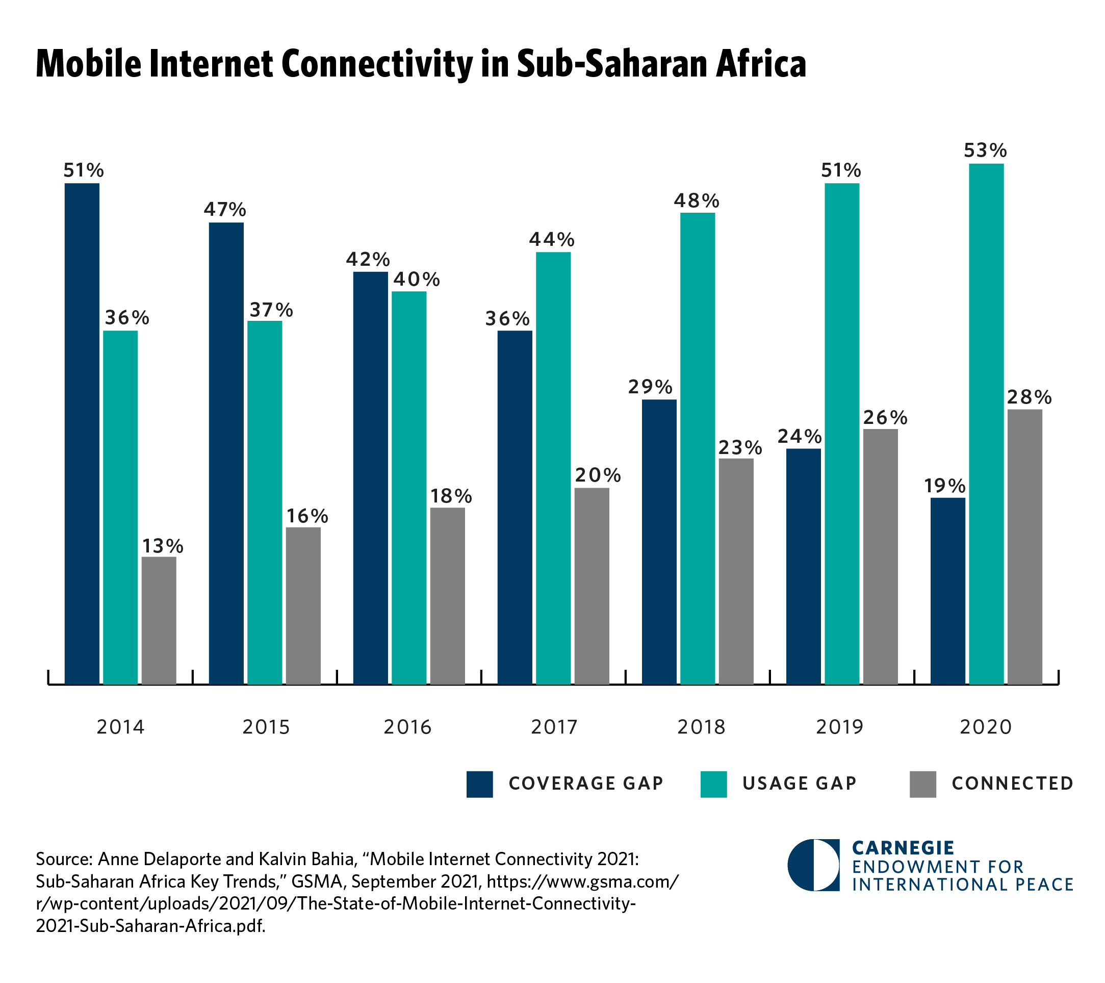 Yet, to reap the benefits of increased digital connectivity in Africa, there must be policy shifts that address a “usage gap” that, Jane Munga explains, is caused by limited penetration of smart phones and high costs of internet data. Our chart of the month illustrates this growing usage gap among populations that are increasingly living in areas covered by mobile broadband.
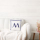 Stylish And Funky Monogram M Letter Dark Royal Navy Blue Frames Minimalistic Cushion / Throw Pillow to add to your home / office / business decor collection. A cool gift / present idea for all who love custom design items, positive vibes, organic theme, minimalism etc. Each side is different. Holidays, happy, baby shower, boy, girl, birthday etc. Change the background color to suit your own needs, taste and style. Add your name / surname / company / brand name letter to personalize.
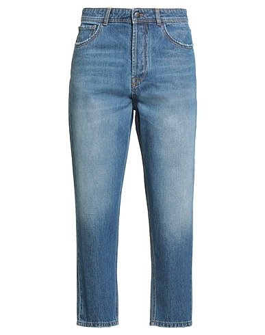 tapered jeans, denim, faded, solid color, embroidered logo, medium wash, high waisted, regular fit, concealed button fastenings, five pockets, machine wash or dry clean, do not bleach, do not tumble dry, cropped
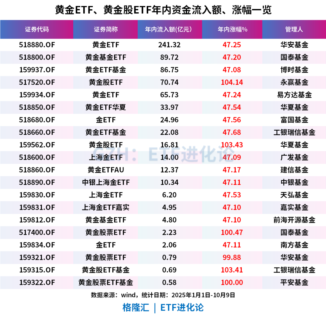截至10月9日,A股黃金股ETF、黃金ETF基金、金ETF年內(nèi)大幅上漲,超過(guò)711億元資金凈買(mǎi)入黃金相關(guān)ETF。
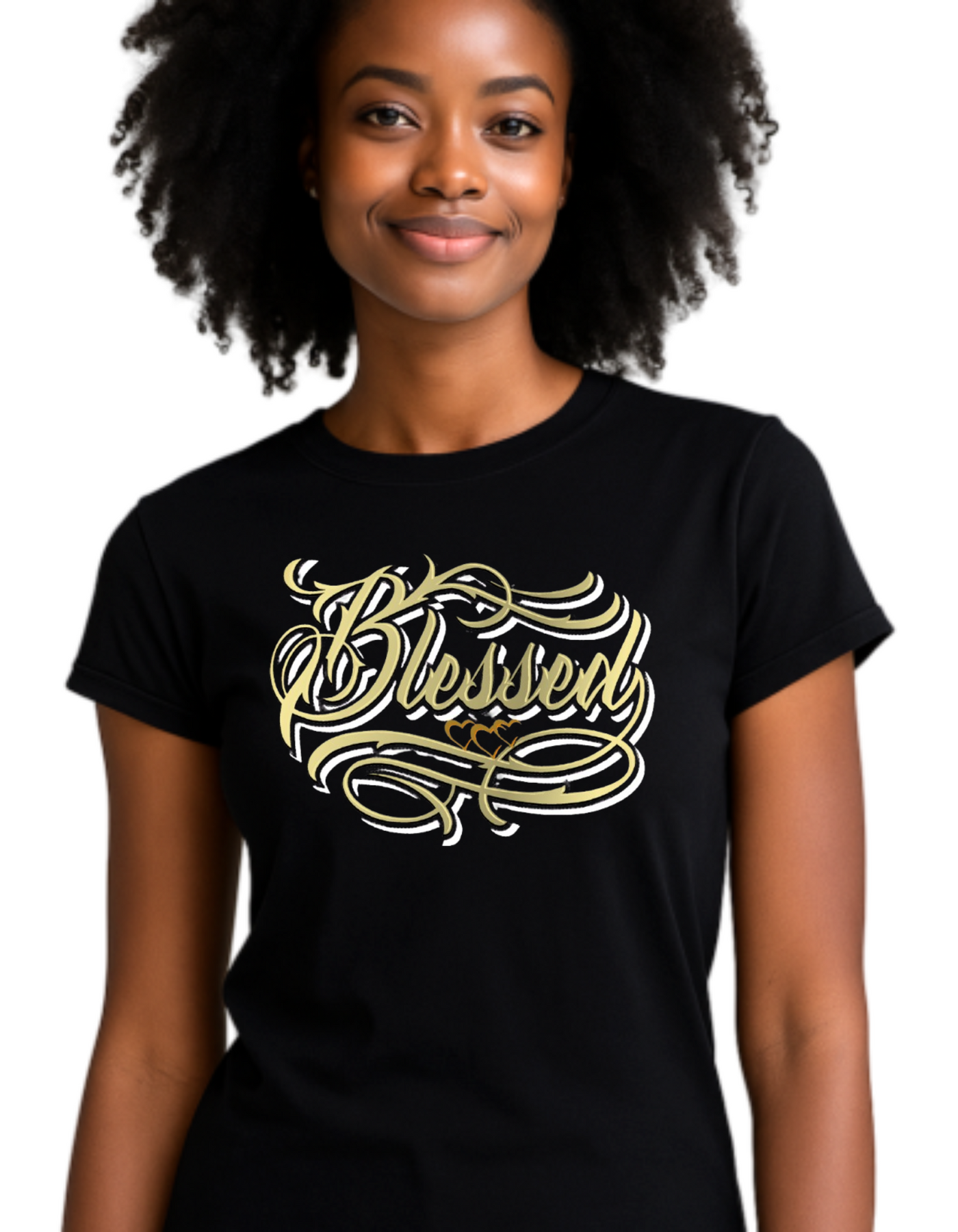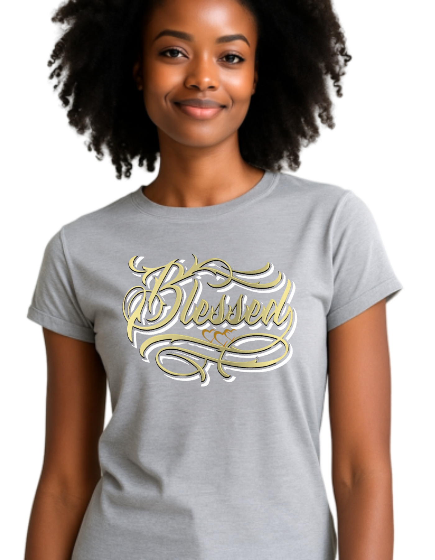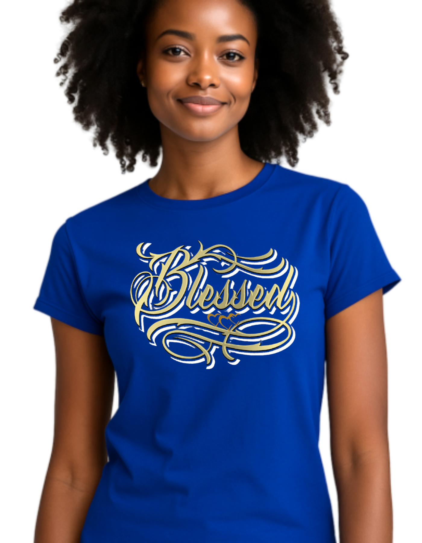 Make a bold statement of faith with this beautifully designed 'Blessed' script t-shirt. The elegant gold and white calligraphy artwork creates an eye-catching contrast against the vibrant royal blue background. This classic crew neck t-shirt combines style with comfort, featuring a versatile design that pairs well with jeans, skirts, or casual wear. The shirt comes in multiple color options including grey, black, and red, allowing you to choose the perfect shade that matches your style. Perfect for casual outings, church events, or as an inspiring everyday wardrobe staple, this t-shirt lets you share your gratitude while looking fashionable. The short-sleeve design and classic fit make it suitable for year-round wear. The artistic script design adds a touch of sophistication to this comfortable everyday t-shirt.

##############################

*WHAT IS REQUIRED*: Only the lines above starting with the line with "Stylish And Funky" and going on through the line with "截至10月9日,A股黃金股E" belong in the answer; repeat them exactly, minus any picture.

*EXERCISE OUTPUT*:
 Stylish And Funky Monogram M Letter Dark Royal Navy Blue Frames Minimalistic Cushion / Throw Pillow to add to your home / office / business decor collection. A cool gift / present idea for all who love custom design items, positive vibes, organic theme, minimalism etc. Each side is different. Holidays, happy, baby shower, boy, girl, birthday etc. Change the background color to suit your own needs, taste and style. Add your name / surname / company / brand name letter to personalize.
 tapered jeans, denim, faded, solid color, embroidered logo, medium wash, high waisted, regular fit, concealed button fastenings, five pockets, machine wash or dry clean, do not bleach, do not tumble dry, cropped
截至10月9日,A股黃金股ETF、黃金ETF基金、金ETF年內(nèi)大幅上漲,超過(guò)711億元資金凈買(mǎi)入黃金相關(guān)ETF。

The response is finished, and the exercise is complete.